__Work instructions__: Keeping every word the same, give again only the lines from the one with "- 문자열 데이터를 실제 기본 자료형으로 변환시키는 기능" through the end of the data, both included, and leave every picture out.

__Dataset excerpt__:
____________

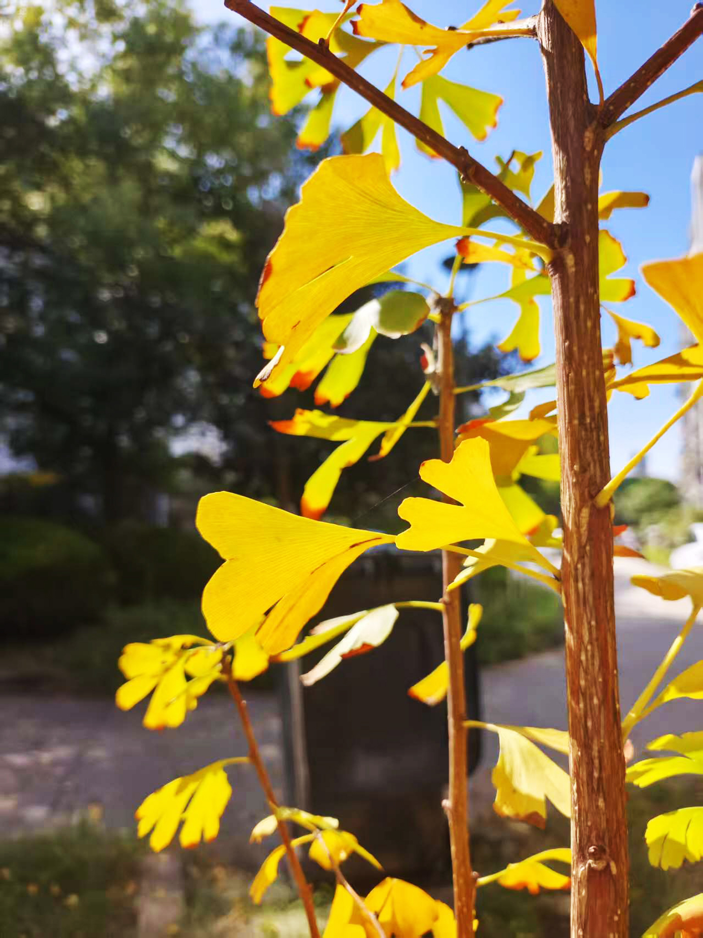 到了深秋,扬州的银杏叶镀上了金色,金黄的叶色加上扇形的叶片,精美雅致。
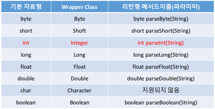 - 문자열 데이터를 실제 기본 자료형으로 변환시키는 기능
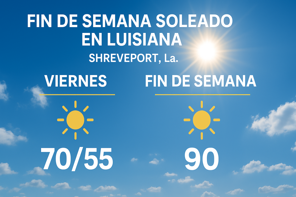 SHREVEPORT, La. — El clima se mantendrá estable y agradable durante todo el fin de semana, con abundante sol y temperaturas por encima del promedio habitual para esta época del año.
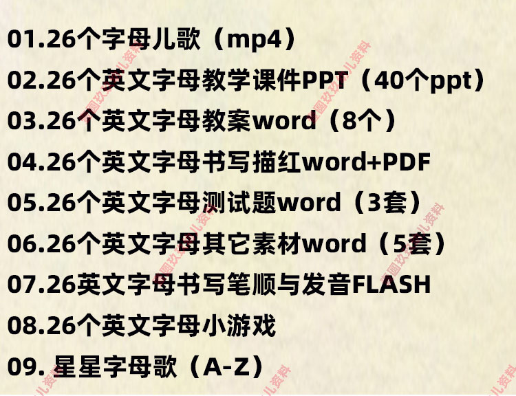 壹圆玖玖资源 » 儿童26个英文字母认知学习PPT/PDF/WORD/9套装

____________

__Exercise output__:
 - 문자열 데이터를 실제 기본 자료형으로 변환시키는 기능
 SHREVEPORT, La. — El clima se mantendrá estable y agradable durante todo el fin de semana, con abundante sol y temperaturas por encima del promedio habitual para esta época del año.
 壹圆玖玖资源 » 儿童26个英文字母认知学习PPT/PDF/WORD/9套装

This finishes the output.